Last week I collaborated with the Master of Educational Innovation. I shared with them some examples of the use of computing tools in education. Specifically, I focussed on the use of digital humanities methods to improve the pedagogical approach. So, how techniques like text mining or sentimental analysis can help to educational innovation? Since, it is an area which go little further of my discipline, I searched some papers which deal with the matter.


I found some good papers which resume well the latest advances. For example: Ferreira‐Mello, R., André, M., Pinheiro, A., Costa, E., & Romero, C. (2019). Text mining in education. Wiley Interdisciplinary Reviews: Data Mining and Knowledge Discovery, 9(6).; or Romero, C., & Ventura, S. (2020). Educational data mining and learning analytics: An updated survey. WIREs Data Mining and Knowledge Discovery, 10(3).

To put it in practice, I chose a public domain dataset related with online education. In this case, I found a dataset on kaggle platform about another platform: medium, which is one of the most famous tools for spreading knowledge about almost any field.

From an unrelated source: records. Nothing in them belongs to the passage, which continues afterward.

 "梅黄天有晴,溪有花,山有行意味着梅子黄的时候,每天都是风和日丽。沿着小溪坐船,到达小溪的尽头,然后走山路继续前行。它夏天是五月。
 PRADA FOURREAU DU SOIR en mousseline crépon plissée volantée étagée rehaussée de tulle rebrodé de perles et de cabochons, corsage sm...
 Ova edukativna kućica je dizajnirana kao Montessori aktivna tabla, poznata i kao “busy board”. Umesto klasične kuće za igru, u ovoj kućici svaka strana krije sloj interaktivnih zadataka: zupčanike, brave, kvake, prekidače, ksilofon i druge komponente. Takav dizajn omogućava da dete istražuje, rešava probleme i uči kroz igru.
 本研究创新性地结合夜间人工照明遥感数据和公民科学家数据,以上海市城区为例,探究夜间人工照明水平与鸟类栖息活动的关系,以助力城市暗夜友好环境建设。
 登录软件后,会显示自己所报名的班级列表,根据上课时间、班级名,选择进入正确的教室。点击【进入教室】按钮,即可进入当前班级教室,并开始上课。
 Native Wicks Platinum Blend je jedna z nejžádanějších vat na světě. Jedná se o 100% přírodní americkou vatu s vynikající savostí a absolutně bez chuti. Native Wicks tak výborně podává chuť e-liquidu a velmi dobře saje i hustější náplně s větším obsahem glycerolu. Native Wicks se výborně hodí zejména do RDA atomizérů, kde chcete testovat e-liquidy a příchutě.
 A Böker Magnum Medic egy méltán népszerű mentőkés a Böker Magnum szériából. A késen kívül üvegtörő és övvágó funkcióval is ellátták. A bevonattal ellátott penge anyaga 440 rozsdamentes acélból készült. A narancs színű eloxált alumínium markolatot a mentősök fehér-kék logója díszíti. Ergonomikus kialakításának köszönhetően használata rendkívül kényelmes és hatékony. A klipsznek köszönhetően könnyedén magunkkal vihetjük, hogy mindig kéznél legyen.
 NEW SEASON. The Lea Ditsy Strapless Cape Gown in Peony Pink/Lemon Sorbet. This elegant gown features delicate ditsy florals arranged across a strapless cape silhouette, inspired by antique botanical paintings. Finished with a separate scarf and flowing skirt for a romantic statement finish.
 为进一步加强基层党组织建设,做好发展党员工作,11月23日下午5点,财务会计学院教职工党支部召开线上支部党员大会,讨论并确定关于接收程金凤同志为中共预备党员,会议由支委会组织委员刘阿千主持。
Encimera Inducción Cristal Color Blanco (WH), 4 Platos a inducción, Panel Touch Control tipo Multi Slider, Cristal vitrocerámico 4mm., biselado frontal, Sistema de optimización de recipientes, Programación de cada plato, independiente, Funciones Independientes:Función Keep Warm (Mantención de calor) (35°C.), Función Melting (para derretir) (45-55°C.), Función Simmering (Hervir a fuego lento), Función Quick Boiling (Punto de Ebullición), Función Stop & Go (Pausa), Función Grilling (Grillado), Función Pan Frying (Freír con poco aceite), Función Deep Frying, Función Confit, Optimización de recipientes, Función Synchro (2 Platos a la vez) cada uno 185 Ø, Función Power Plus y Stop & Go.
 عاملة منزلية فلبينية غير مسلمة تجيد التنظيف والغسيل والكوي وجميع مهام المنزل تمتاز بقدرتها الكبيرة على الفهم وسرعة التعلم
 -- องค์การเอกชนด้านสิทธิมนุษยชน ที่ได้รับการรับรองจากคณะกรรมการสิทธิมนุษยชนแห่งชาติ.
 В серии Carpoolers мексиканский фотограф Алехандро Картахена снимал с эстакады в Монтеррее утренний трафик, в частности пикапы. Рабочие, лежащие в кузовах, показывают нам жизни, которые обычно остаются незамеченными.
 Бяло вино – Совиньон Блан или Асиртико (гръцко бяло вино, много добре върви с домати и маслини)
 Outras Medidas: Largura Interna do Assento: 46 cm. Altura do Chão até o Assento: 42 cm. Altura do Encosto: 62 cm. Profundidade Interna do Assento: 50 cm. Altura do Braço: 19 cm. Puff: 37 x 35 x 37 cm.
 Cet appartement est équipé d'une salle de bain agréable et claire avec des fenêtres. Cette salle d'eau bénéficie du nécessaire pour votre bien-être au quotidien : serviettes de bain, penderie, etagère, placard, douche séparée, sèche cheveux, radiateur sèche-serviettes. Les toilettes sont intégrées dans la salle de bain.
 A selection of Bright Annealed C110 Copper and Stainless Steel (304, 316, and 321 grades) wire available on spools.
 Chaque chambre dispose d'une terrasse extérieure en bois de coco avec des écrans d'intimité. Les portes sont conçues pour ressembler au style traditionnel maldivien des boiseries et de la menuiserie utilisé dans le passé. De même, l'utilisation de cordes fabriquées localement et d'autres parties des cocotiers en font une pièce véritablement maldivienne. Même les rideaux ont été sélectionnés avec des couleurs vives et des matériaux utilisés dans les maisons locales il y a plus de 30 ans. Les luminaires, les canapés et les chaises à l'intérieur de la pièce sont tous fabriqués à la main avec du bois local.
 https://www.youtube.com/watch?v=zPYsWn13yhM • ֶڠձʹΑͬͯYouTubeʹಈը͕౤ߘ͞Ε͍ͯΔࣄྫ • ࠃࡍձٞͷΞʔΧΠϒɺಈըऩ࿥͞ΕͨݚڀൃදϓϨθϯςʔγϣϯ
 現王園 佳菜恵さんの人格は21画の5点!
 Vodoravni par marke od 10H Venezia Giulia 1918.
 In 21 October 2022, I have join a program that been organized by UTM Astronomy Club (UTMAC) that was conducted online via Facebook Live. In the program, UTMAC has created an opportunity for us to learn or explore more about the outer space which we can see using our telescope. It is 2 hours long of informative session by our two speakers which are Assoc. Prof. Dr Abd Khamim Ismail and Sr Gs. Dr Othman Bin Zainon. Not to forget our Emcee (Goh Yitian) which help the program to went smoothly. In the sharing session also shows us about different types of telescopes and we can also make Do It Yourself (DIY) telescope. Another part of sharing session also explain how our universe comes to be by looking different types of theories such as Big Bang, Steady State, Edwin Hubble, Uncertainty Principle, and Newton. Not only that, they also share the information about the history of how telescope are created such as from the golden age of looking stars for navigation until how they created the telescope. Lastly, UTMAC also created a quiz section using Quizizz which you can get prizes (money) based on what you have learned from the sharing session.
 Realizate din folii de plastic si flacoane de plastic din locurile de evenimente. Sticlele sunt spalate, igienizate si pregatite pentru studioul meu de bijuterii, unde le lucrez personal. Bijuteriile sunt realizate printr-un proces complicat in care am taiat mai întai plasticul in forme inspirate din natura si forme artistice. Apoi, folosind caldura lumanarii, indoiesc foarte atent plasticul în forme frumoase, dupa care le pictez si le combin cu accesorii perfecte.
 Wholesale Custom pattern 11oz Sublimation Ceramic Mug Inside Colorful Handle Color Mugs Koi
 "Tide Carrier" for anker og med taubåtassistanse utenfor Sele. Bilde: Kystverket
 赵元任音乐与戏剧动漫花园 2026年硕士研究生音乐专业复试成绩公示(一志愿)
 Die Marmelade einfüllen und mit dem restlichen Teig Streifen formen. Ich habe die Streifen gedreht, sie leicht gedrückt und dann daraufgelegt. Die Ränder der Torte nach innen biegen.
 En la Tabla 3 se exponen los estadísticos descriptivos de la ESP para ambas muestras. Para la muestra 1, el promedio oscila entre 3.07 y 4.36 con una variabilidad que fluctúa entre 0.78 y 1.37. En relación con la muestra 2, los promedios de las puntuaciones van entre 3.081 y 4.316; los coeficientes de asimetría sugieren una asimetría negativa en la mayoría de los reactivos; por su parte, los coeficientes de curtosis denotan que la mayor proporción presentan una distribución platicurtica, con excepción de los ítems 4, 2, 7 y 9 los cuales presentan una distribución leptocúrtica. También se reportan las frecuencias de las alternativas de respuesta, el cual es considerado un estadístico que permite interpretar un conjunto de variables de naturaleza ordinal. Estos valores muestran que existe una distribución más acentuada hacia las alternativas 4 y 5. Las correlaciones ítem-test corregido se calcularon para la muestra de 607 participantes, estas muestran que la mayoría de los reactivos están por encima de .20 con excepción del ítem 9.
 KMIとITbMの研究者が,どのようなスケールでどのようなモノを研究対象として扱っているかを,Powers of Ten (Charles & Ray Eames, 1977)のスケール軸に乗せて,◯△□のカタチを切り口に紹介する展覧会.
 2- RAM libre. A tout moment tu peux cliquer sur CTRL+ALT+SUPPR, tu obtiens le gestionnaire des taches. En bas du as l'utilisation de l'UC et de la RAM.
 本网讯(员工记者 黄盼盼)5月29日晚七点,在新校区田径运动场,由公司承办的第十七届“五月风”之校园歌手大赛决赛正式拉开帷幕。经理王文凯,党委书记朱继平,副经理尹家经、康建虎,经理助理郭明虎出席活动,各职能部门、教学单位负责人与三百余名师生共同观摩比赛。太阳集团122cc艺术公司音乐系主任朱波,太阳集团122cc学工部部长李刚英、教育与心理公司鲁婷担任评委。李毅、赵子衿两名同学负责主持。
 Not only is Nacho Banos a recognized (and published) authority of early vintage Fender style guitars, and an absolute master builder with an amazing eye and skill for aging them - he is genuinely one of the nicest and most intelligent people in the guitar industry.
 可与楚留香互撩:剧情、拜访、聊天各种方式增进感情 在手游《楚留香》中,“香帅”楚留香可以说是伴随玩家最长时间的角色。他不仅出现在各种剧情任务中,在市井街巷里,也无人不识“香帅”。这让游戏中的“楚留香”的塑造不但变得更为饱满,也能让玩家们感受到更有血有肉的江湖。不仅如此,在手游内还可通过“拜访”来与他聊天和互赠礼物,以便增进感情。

It is widely used to published articles on ML, AI, and data science. The dataset contains articles, their title, number of claps it has received, their links and their reading time. So I processed this data with the code you can find on github. I obtained the plot you can check bellow.


Most frequent words have to do with keywords of the subject of the forum: machine learning, data and network.

The reading time of the articles which is more accepted is 17 minutes. Interes decreases soon when the article exceeds this length.

Something very similar happens with the title length. The attention falls of when the title has more than 50 words.

Finally, I used sentimental analysis. We can check how the more charge of sentiment the post has, the more claps it earns. This is quite suggesting. It corroborates the success of polarized speeches, even in educational contexts.